Trump has disqualified himself from future office
Wednesday’s incursion on the Capitol by rioters seeking to stop the counting of electoral votes for President-elect Joe Biden was awful. So was the incitement of the mob by President Trump, a move that stains his presidency and should disqualify him from holding future office. But the insurrection wasn’t a coup — and it can’t be understood in isolation.
Many of those who insist on calling the protest an attempted coup have been accusing Trump of staging or planning a coup for months, and they are determined to be right.
But that description simply doesn’t apply. Trump is already president. No matter what he does, he will no longer be president at noon on Jan. 20. A more accurate portrayal is that he has led an effort to disrupt or delay the constitutionally mandated acts necessary to declare Biden the next president. That’s damning enough.
Ever since Biden was declared the winner of November’s election, I’ve expressed the hope that Trump would concede and emulate the actions of his predecessors by participating in the peaceful transfer of power. For the sake of his legacy, Trump would have been well served to demonstrate some grace in exiting the White House. He has chosen otherwise.
His statement in the wee hours Thursday promising an “orderly transition” is too little, too late.
Ari Fleischer, who served as press secretary under President George W. Bush, onWednesday tweeted during the protests but before the siege, “If you don’t like what’s happening today, maybe you should go back four years, look in the mirror and ask if it was a good idea to declare #NotMyPresident, declare yourself the Resistance, and boycott an Inaugural.”
We all know the third law of physics and the unending cycle of actions and reactions. Anyone who has encouraged confrontations with Trump administration officials, supported endless investigations and impeachment, and applauded the despicable spectacle of the House speaker ripping up the president’s State of the Union address has been guilty of raising the temperature of our partisan fever.
But at the end of the day, no one has more power to determine the national mood — and more responsibility to rise above the fray — than the president.
On that front, Trump has failed miserably.
I’ll always be glad that Trump, rather than Hillary Clinton, was president over the past four years. He was the most consequential president of my lifetime, which is different than being the best. The squandering of his legacy by his own actions is what makes his final act so frustrating.
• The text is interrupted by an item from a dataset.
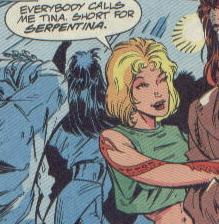 Known Superhuman Powers: Serpentina could extend her limbs and constrict others with them, like a snake.

He will, by his own choice, be remembered as the president who refused to accept defeat, urged endless and fruitless challenges to a free and honest election, and recklessly incited an attack on our U.S. Capitol and his own vice president. He has earned the enmity of all patriotic Americans and disqualified himself from ever seeking office again.
But anyone who thinks the nation will be mended by Trump’s departure misses the point of the forces and grievances that led to his manifestation, and which will endure beyond his exit. This moment will be an easy opportunity for lecturing and moralizing by Trump’s longtime adversaries. Healing, which is more important, will begin when we pause at the mirror and recognize where the change needs to begin.